Pre-Lab Assignments
For students in lab courses, nothing feels more pointless than just going through the motions of a lab procedure without understanding why it is significant. Emphasize to students that experimental science is the basis for the models they learn about in lecture. Lab, unlike lecture, represents professional science in practice. Lab also represents a playground where curiosity is sparked and scientific theories are put to the test. If students recognize this, they will gain a better understanding of what science truly is and may be more motivated in their lab work.
Preparing students for lab involves the following:
- Helping students understand the models, theories, and principles addressed in the lab procedure — giving them a conceptual framework for the lab
- Ensuring that students know how the lab fits into the course content
- Outlining the lab procedure and data analysis
- Orienting students to the relevant equipment and safety procedures
A well designed pre-lab assignment can serve all these functions. Pre-lab assignments are tasks or homework that students complete before arriving in class for the lab period. Pre-lab assignments motivate students to prepare for the lab and help them connect conceptual understanding with an experiment.
There are several advantages for students in using a pre-lab assignment:
- Students come better prepared for the lab exercise.
- Experiments and exercises go more smoothly because students are familiar with the processes.
- Their understanding of the material is heightened.

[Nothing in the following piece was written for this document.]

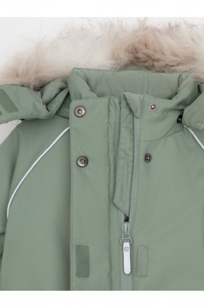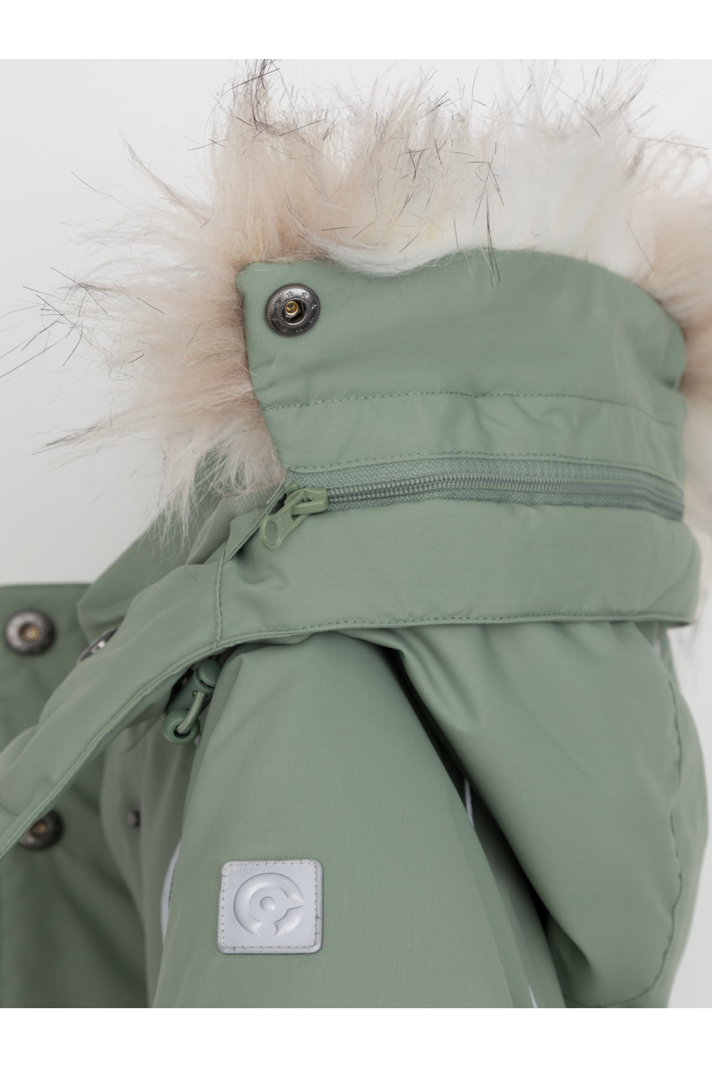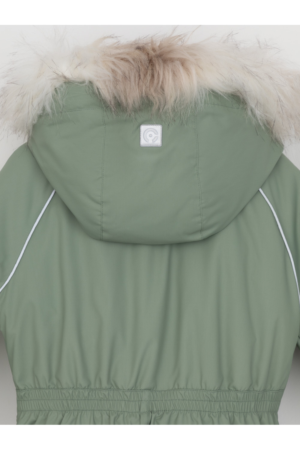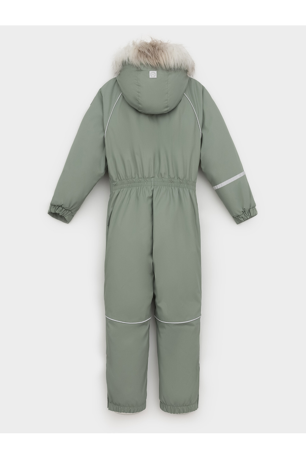 Зимний комбинезон для девочки с утеплителем Fellex®: 250 г/м2 . Выполнен из мембранной ткани с дополнительной тефлоновой обработкой, которая предохраняет изделие от загрязнений и отталкивает влагу. Подклад выполнен из 100% полиэстера Tricot. Комбинезон застёгивается на молнию и внешнюю планку на липучках и кнопках, предусмотрена защита подбородка. Съёмный капюшон имеет эластичную утяжку со стопперами и отстёгивающийся мех на молнии. Резинка по спинке обеспечивает лучшее прилегание. По бокам два кармана на молнии. Эластичные манжеты на рукавах регулируются по ширине с помощью липучки, по низу изделия - с помощью кнопки. Внутренняя противоснежная юбка защищает обувь от попадания снега и удерживает комбинезон в закреплённом положении. В размерах с 98-104 по 116-122 предусмотрены отстёгивающиеся штрипки. Во всех изделиях верхнего ассортимента для безопасности ребёнка предусмотрены светоотражающие элементы.

There are advantages for the instructor as well:
- The assignment can streamline the process of writing a pre-lab introduction.
- The assignment can make it easier to teach the theory behind the lab, since students will have a firmer understanding of the principles behind it.
For many of the lab classes you will teach, the professor may already have pre-lab assignments written for you to give your students. However, in cases where there are no pre-lab assignments written into the course already, you may choose to create and implement your own.
Designing a Pre-Lab Assignment
Concepts and Types of Questions
First, think about the models and questions you feel are important to address in a pre-lab assignment. What do you want your students to have understood or thought about before they arrive in lab?
In order to help students frame the lab experiment, consider the main question your students should become able to answer:
- What question is this lab experiment answering?
- How will your data answer this question?
- How will you collect this data?
- How will you minimize ambiguity and control variables?
Here are some of the topics you might ask your students to think about in a pre-lab exercise:
- concepts, theory, and models
- procedure and methods (for an example see the Teaching Effectiveness Award essay by Jessica Smith [Chemistry], A Pre-Lab Assignment for a More Efficient and Effective Laboratory)
- troubleshooting and other experimental issues
- prediction of trends in data or other qualitative questions about data
- quantitative questions such as calculations with simulated data
- interpretation of simulated results
Linking to the Pre-Lab Introduction
It is important to consider how you will introduce the lab on the day of the lab section. It is most common to give a short pre-lab introduction.
- Connecting the questions and concepts addressed in your pre-lab assignment with those that you plan to address in your pre-lab introduction helps make certain that these two aspects of lab preparation complement each other.
- Use discussion of the pre-lab assignment as a starting point for the pre-lab introduction and as a tool for introducing the lab. In fact, you should go over at least some part of the pre-lab assignment at the beginning of the lab period. This ensures that students have understood the material and concepts therein before the lab exercise begins.
Format
Here are several ways that you may format your pre-lab assignment, each with advantages or disadvantages depending on the material, your class, and the outcomes you wish to achieve from the assignment:
- Worksheet done before lab (handed in at the beginning of lab): This format works well if you can create well-defined questions to help your students consider some theory or concepts related to the lab. Sometimes giving students sample calculations, data, or experiments on a worksheet is also helpful, if the lab material lends itself to this approach.
- Assignment worth a few points (handed in at the beginning of lab): This is useful when preparing for the lab requires students to research information on their own. You can also make this a small group assignment that a lab group or lab partners can do together to prepare for lab or to think about important concepts relating to the lab.
- Quiz at the start of lab: This is most useful if you want to ensure your students are preparing for lab on their own by reading the lab or background materials in advance. Again, it works well if the quiz can function as a starting point for discussion or an introduction to the lab.
- Preparation of lab notebook (checked at the start of lab): This can work well if having a comprehensive lab notebook is crucial to the students’ understanding of the lab material (anatomy courses, involving dissections and labeling structures, are one example). Checking the students’ lab notebooks can help confirm that students are making the best use of their lab time and taking away the most valuable information from the lab. It also is an incentive for students to organize their lab material well, thus maximizing the benefits of the lab period.
- Quiz on the web to be completed before class (currently implemented in Chemistry 1A at UC Berkeley): Pre-lab web quizzes can be an excellent way to use technology to help your students prepare for lab. Having students take the quiz on the web before class will alert you to problems that students are having in understanding lab material. You can then take this into consideration when introducing the lab on the day of section.